Bug #37426	RBR breaks for CHAR() UTF8 fields > 85 chars
Submitted:	16 Jun 2008 10:08	Modified:	4 Nov 2008 13:25
Reporter:	Jan Kneschke	Email Updates:
Status:	Closed	Impact on me:	None
Category:	MySQL Server: Row Based Replication ( RBR )	Severity:	S3 (Non-critical)
Version:	5.1, 6.0	OS:	Any
Assigned to:	Mats Kindahl	CPU Architecture:	Any

Description:
Row-based replication breaks as soon as CHAR() UTF8 fields with a length > 85 are used. 

How to repeat:
Setup replication with 

  binlog-format=row

On the master execute:

  CREATE TABLE char128_utf8 ( 
    i1 INT NOT NULL, 
    c CHAR(128) CHARACTER SET utf8 NOT NULL, 
    i2 INT NOT NULL);

  INSERT INTO char128_utf8 VALUES ( 1, "123", 1 );

  SELECT * FROM char128_utf8;
  +----+-----+----+
  | i1 | c   | i2 |
  +----+-----+----+
  |  1 | 123 |  1 |
  +----+-----+----+

On the slave execute the same select:

  SELECT * FROM char128_utf8;
  +---------+-----+-------+
  | i1      | c   | i2    |
  +---------+-----+-------+
  |       1 |  12 |   307 |
  | 1585202 |     | 18688 |
  +---------+-----+-------+

Longer explanation:

  SELECT HEX(c) FROM char128_utf8 LIMIT 1;
  +--------+
  | HEX(c) |
  +--------+
  | 003132 |
  +--------+

The 00 is part of the string and the slave doesn't expect it.

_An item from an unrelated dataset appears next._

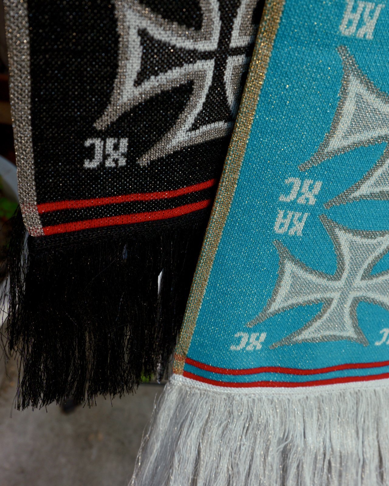 【LES SIX(レシス)】Short Crossed Scarf/ Blue

Using mysql-binlog-dump from the mysql-proxy svn-trunk to decode the events you get:

  (table-map-event)
  23 00 00 00 00 00 00 00 04 74 65 73 74 00 0c 63  #........test..c
  68 61 72 31 32 38 5f 75 74 66 38 00 03 03 fe 03  har128_utf8.....
  02 fe 80 00                                      ....

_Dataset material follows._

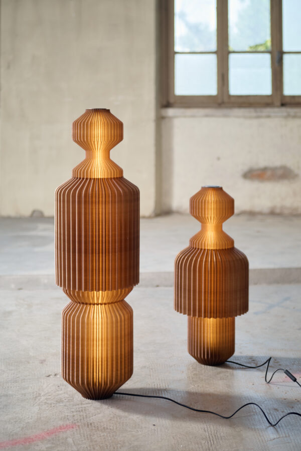 The Buoy Collection, which he released in 2021, established an aesthetic the designer has since continued to build upon. Consisting of a series of lightweight 3D printed lamps inspired by the forms of buoys at sea, they exude a sculptural flair while using as little material as possible irrespective of their size. Crafted from PLA, a thermoplastic derived from starch, Zito says how the material he uses influences almost 100% of the technique. ‘Then the technique creates the object and often, after some time, the object takes over and gets translated into other material,’ he says.

which can be translated into:

CREATE TABLE test.char128_utf8 (
  field_0 INT NOT NULL,
  field_1 CHAR(128) NOT NULL,
  field_2 INT NOT NULL
)

  (write-row-event)
  23 00 00 00 00 00 01 00 03 ff f8 01 00 00 00 03  #...............
  00 31 32 33 01 00 00 00                          .123....

  [01 00 00 00] is the i1 == 1
  [03 00] [31 32 33] is c = "123"
  [01 00 00 00] is i2 = 1

The problem is that the slave expects [03] instead of [03 00] as length specifier. So it decodes the sequence as:

  [01 00 00 00] is the i1 == 1
  [03] [00 31 32] becomes c = "\00012"
  [33 01 00 00] is i2 = 307

... with a extra 00 and more broken events.

Suggested fix:
The table-description event stores one byte to encode the max-length information of a CHAR() field. This information is stored as bytes.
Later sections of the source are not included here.